My little sister had a beautiful necklace made of colorful beads. Two successive beads in the necklace shared a common color at their meeting point. The figure below shows a segment of the necklace:
But, alas! One day, the necklace was torn and the beads were all scattered over the floor. My sister did her best to recolle ct all the beads from the floor, but she is not sure whether she was able to collect all of them.

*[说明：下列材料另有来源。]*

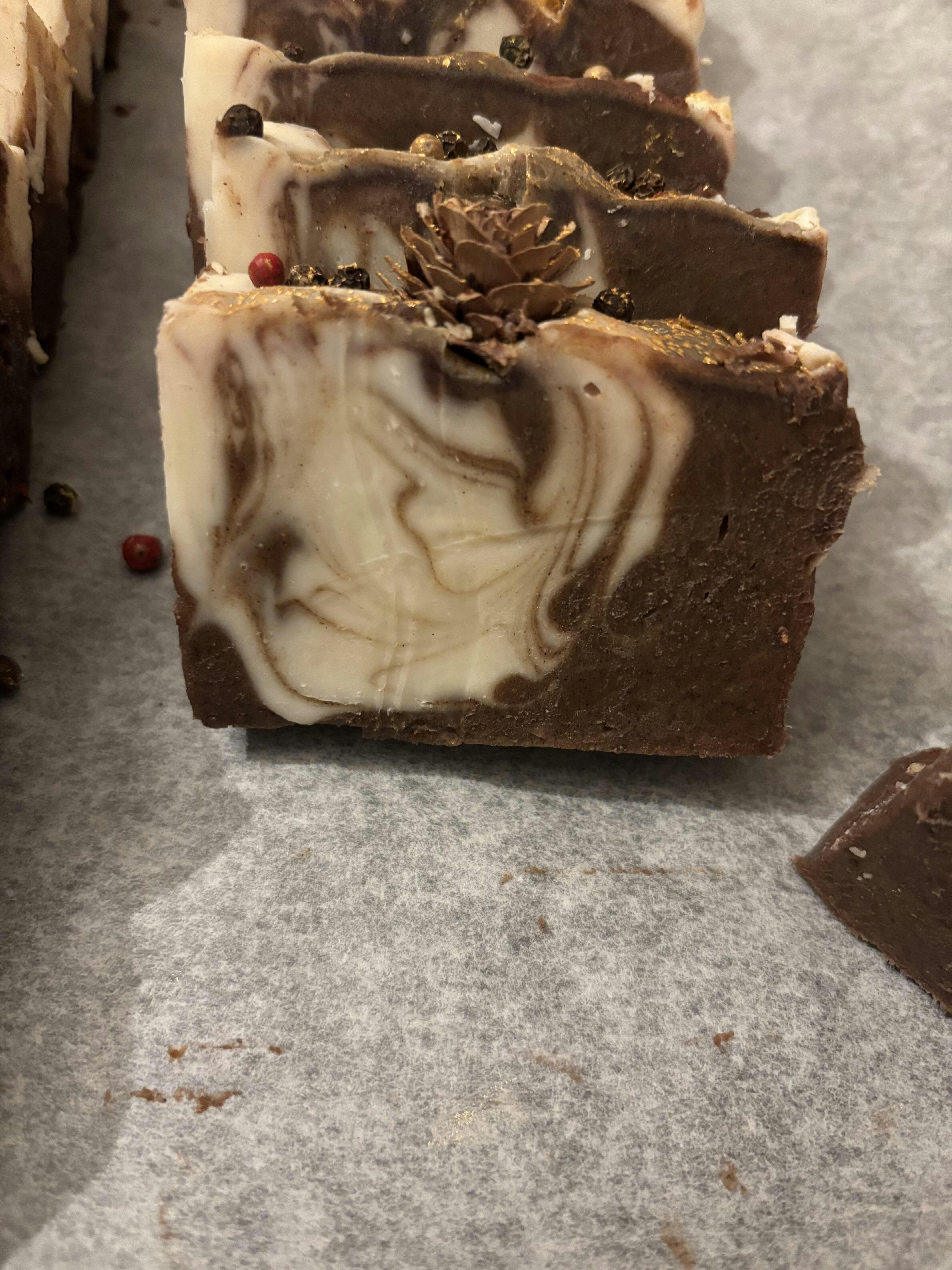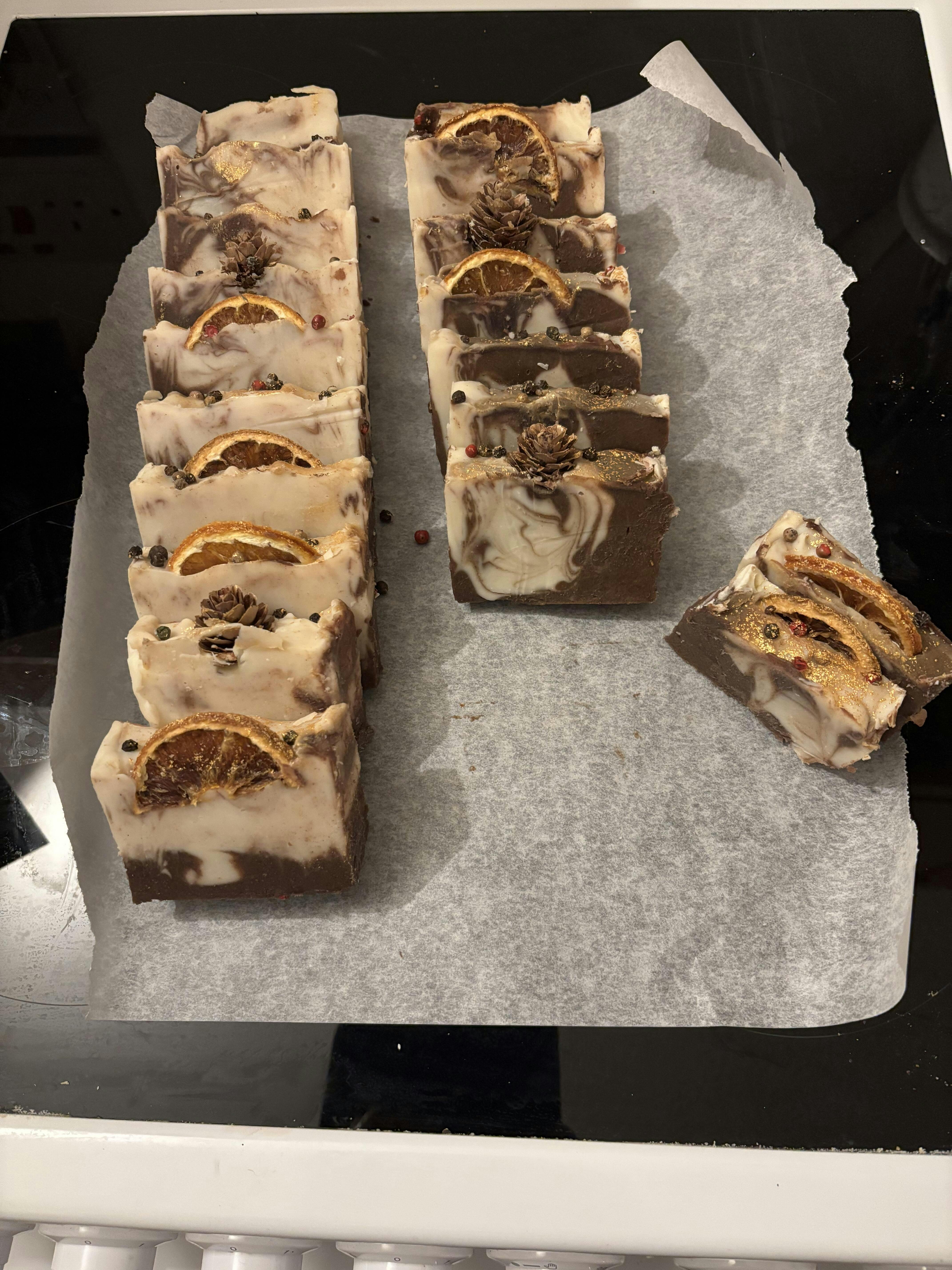 Once your soap is poured, you’ll finish it with festive botanicals such as dried orange slices, star anise, and colourful peppercorns, ready to cure in time for Christmas gifting.

Now, she has come to me for help. She wants to know whether it is possible to make a necklace using all the beads she has in the same way her original necklace was made and if so in which order the bids must be put.
Please help me write a program to solve the problem.
Input
The input contains T test cases. The first line of the input contains the integer T.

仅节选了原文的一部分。